Money Laundering Bulletin
Ostrich farm chiefs deny fraud
Leicester Crown Court has heard how an ostrich farm which raked in £21million from investors in just 15 months, had the majority
of its money laundered into an offshore account. Four men, Brian Ketchell and Allan Walker, Kevin Jones and Russell Jones,
made personal fortunes totalling around £5.56million from what has been described as a “wall of money” which investors poured
into the company. Ketchell and Walker started the Ostrich Framing Corporation in New Ollerton, Notting-hamshire, with the
plan to offer investors the opportunity to buy ostriches, each of which was identified with a unique microchip under its skin.
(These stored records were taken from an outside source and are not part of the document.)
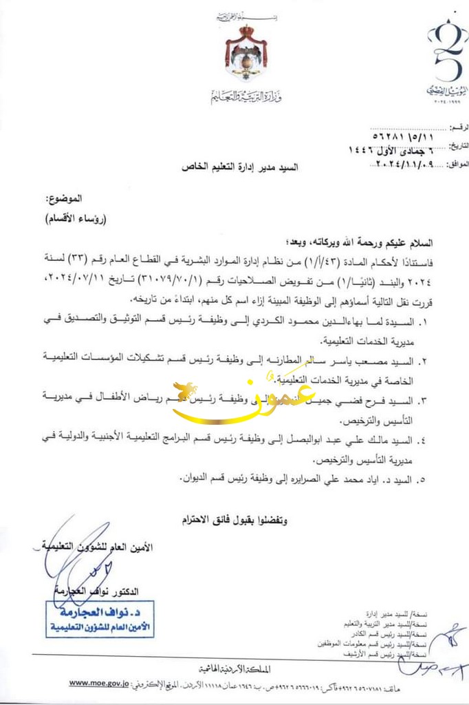 عمون - ينال المعاني - قرر امين عام وزارة التربية والتعليم الدكتور نواف العجارمة إجراء تشكيلات إدارية في ادارة التعليم الخاص.
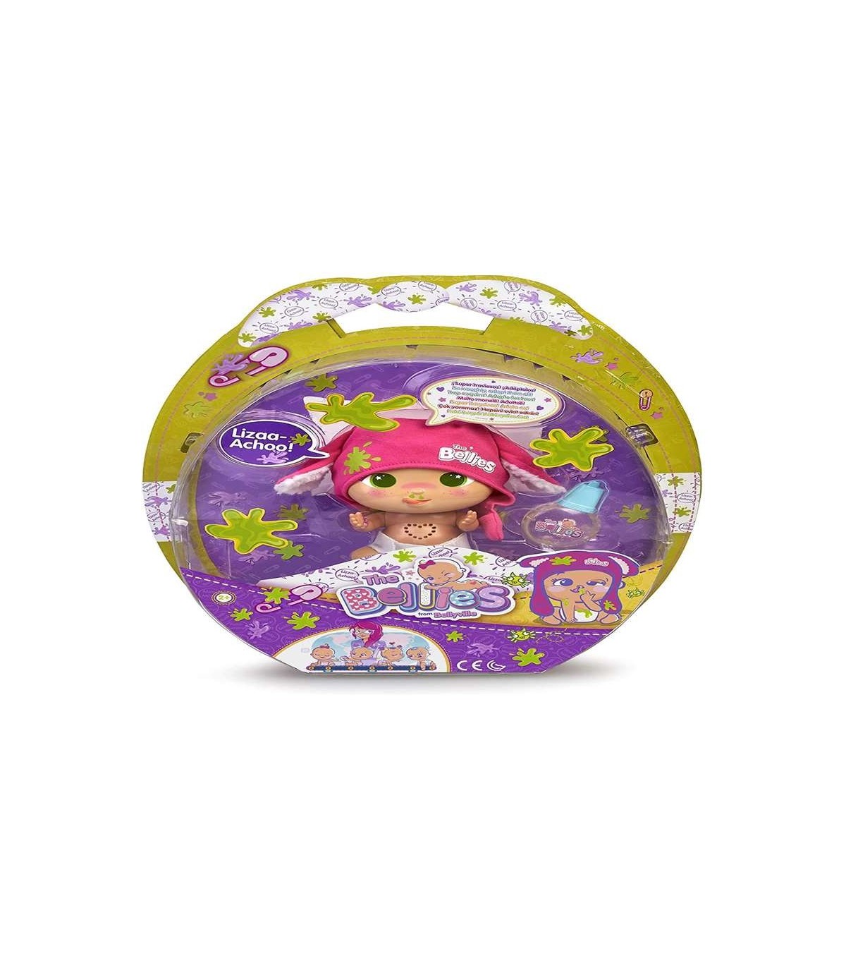Liz-Achooo Es un Bellie en la familia de Bellyville; siempre tiene moquitos y viene con ropita de invierno, un succionador de mocos y su chupete Los Bellies son los muñecos interactivos más revoltosos, traviesos y divertidos listos para adoptar; cada Bellie tiene su propia personalidad, pero si hay algo que tienen en común son sus travesuras Los Bellies están llenos de sorpresas, al quitarles el cordón umbilical escucharás el latido de su corazón, luego empezará a hablar y también tendrás que ver su marca de nacimiento que encontrarás al quitarle el pañal Incluye a Bellie Lizzz-Achoo, su chupete y su succionador de mocos divertido
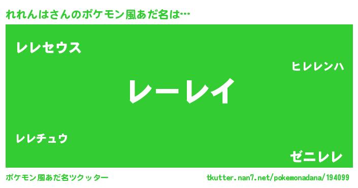 | 男性向けラノベタイトル風あだ名 | 『魔弾の王とれれんは』 |
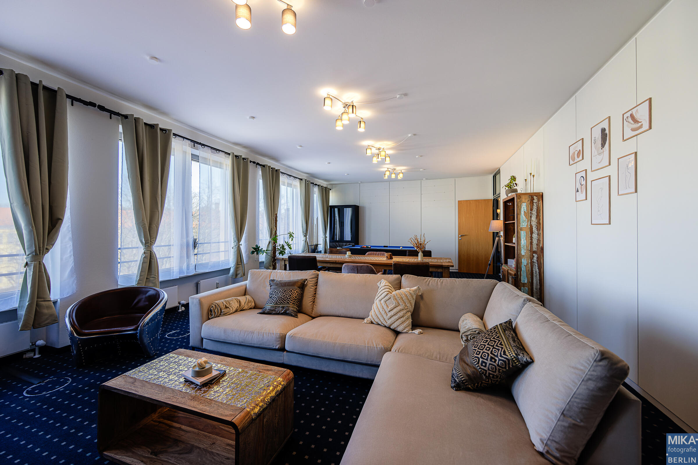 Unsere stilvolle Wohnung befindet sich im 4. Obergeschoss, ein Aufzug ist vorhanden, eines Hinterhauses in Berlin-Prenzlauer Berg. Die Wohnung besteht aus 2 Schlafzimmern, einem großzügigen Wohn- und Essbereich, einem langen Flur, einem Badezimmer und einer gut ausgestatteten Küche. Zur Einrichtung der Wohnung gehören auch ein Tischkicker und ein Billardtisch, die genutzt werden können. Die großen Fenster im Wohnbereich sind mit Vorhängen abdunkelbar. Die Wohnung ist mit öffentlichen Verkehrsmitteln ideal zu erreichen. Ein kostenloser Parkplatz gehört ebenfalls zur Wohnung und kann genutzt werden.
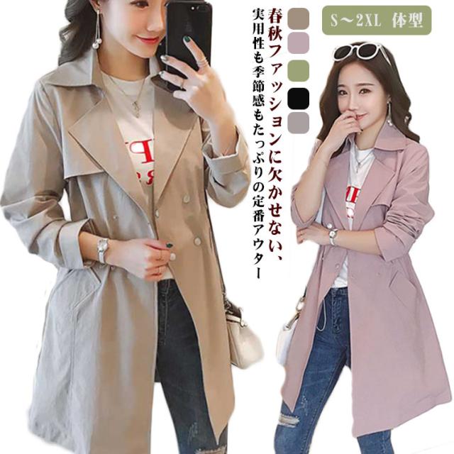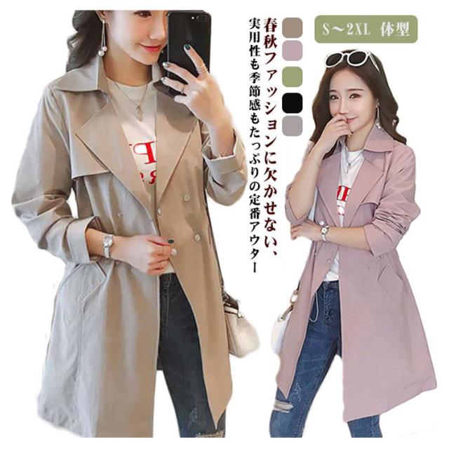 トレンチコート レディース 春コート 秋コート オーバーサイズ スプリングコート ロングコート ママスーツ 上着 羽織り 体型カバー コート 大人可愛い 無地 アウター 春秋 通勤 通学 春服 20代 30代 40代 50代 ビジネス スーツ 卒園式 卒業式 送料無料 ギフト
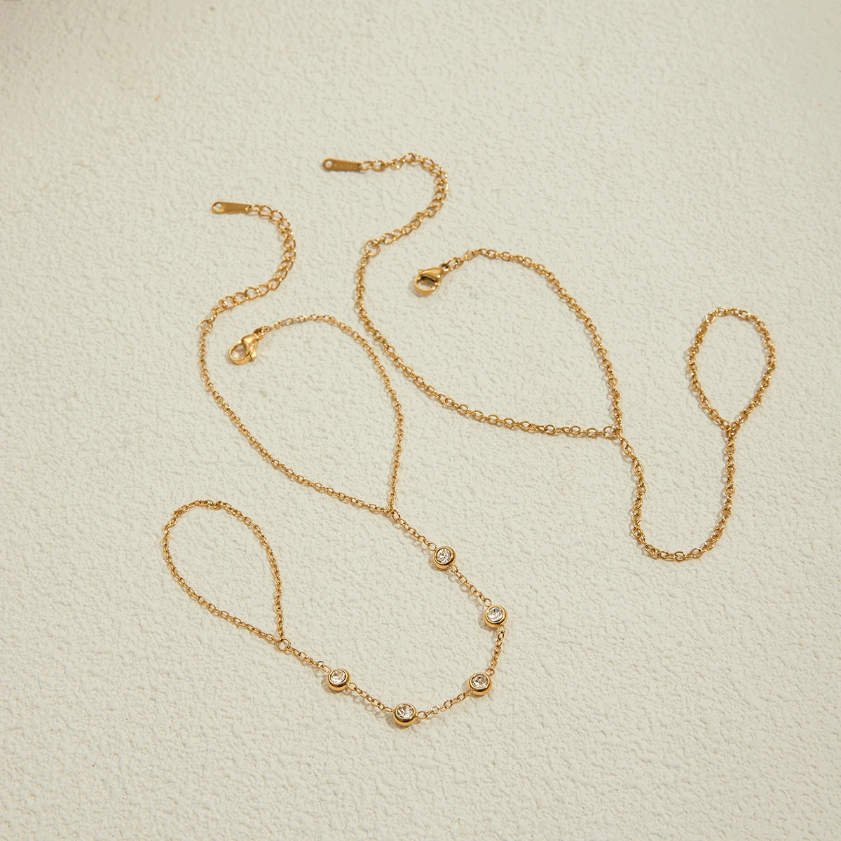 - Adorned with tiny zircon embellishments and a complementary finger design, combining simplicity with subtle sparkling accents for a refined look.
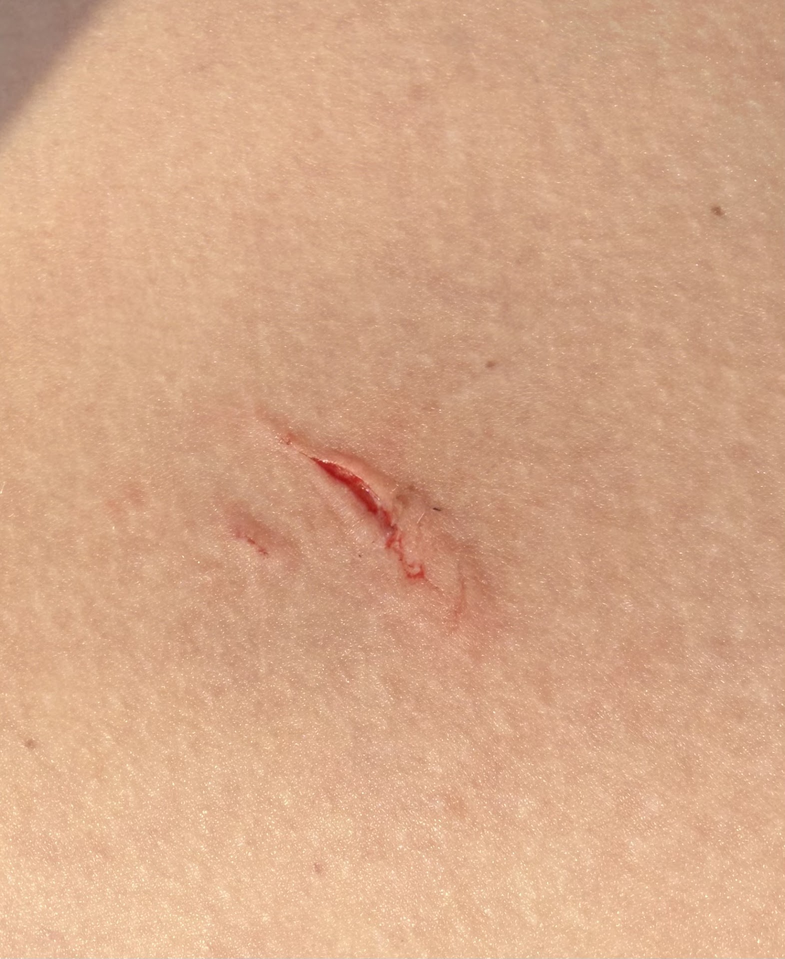 Now obviously the acutal cut on her leg isn’t anything to run to the hospital for but the fact of the matter is this establishment needs to either coach, write-up, or even terminate some people. The place looks brand new on the inside but don’t be fooled. The umbrellas are held together by tape, with dirty silverware, and rude/inconsiderate staff.
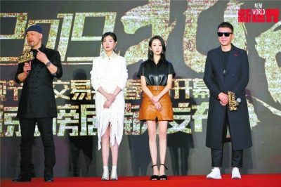 孫紅雷(右一)、萬(wàn)茜、徐兵(左一)等人為電視劇《新世界》站臺(tái)。

Investors would make their money by owning the ostrich and making profits by the sale of the bird’s offspring. However, according
to Julian Banghan QC prosecuting, neither man had experience of farming, although they had arranged to buy the creatures from
a farmer in Belgium. The venture took off when the two brothers, Kevin and Russell Jones, joined, taking charge of selling
the venture to prospective investors. A further company, Wall Street Corporation was then set up, with an offshore bank account
in the Cayman Islands, in the name of the 84-year-old mother of another man. The company was eventually wound up in April
1996; Walker, Ketchell, Russell Jones and Kevin Jones all deny conspiracy to defraud from between December 1994 and April
1996.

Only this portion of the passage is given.